The standard Acura RDX starts at $36,665, including the $995 destination charge. It comes with the 3.5-liter V6 engine, a six-speed automatic transmission, front ventilated disc and rear disc brakes, 18-inch alloy wheels, a compact steel spare, a rearview camera, an alarm, tire pressure monitoring, and six airbags.
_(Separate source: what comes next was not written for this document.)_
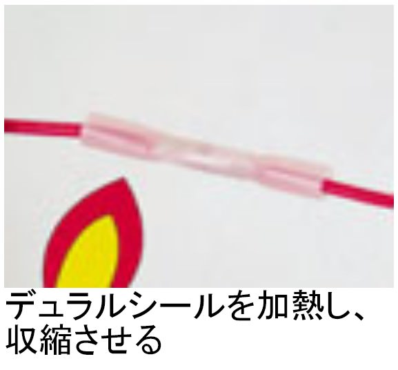 配線の結線と絶縁が簡単に出来る熱収縮チューブです。熱で収縮する際にシーリング材で密着し水の浸入を防ぎます。配線の太さに合わせ3サイズを設定しました。・5mmほど配線をむく・配線を管の中へ入れ、かしめる・デュラルシールを加熱し、収縮させる・シーリング剤で防水される

There are automatic LED headlights, front and rear wipers, heated power mirrors with memory, a power sunroof, a power liftgate, leatherette seats, power heated front seats, driver's seat memory, a split-folding rear bench seat, keyless entry/ignition, dual-zone climate control, cruise control, a leather-wrapped steering wheel, ambient lighting, a seven-speaker audio system, Bluetooth, front USB inputs, and a five-inch screen.

The Acura RDX with AcuraWatch Plus retails for $37,965. It adds safety equipment like forward-collision braking, automatic emergency braking, lane departure warning, adaptive cruise control, and lane-keep assist.
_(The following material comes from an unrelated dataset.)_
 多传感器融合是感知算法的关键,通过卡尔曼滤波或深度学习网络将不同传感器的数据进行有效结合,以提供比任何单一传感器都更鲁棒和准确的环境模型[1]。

The Acura RDX with Technology Package comes in at $40,365. It builds on the standard RDX trim, with blind-spot monitoring, rear cross-traffic alert, leatherette/leather seats, a 10-speaker ELS Studio audio system, HD Radio, an eight-inch touchscreen with voice controls, and a navigation system.

For $41,665, shoppers can get an Acura RDX with both AcuraWatch Plus and the Technology Package.

The top-flight Acura RDX with Advance Package costs $43,315. It gets exclusive features like front and rear parking sensors, rain-sensing wipers, heated/cooled front seats, a remote engine starter.

We think most shoppers would be happiest with the Acura RDX with AcuraWatch Plus. It comes with all of the critical driver assistance features expected from a modern luxury vehicle. While upper trim levels have high-end amenities, the standard RDX still comes with plenty of features and for a low price, making it one of the best values in its segment.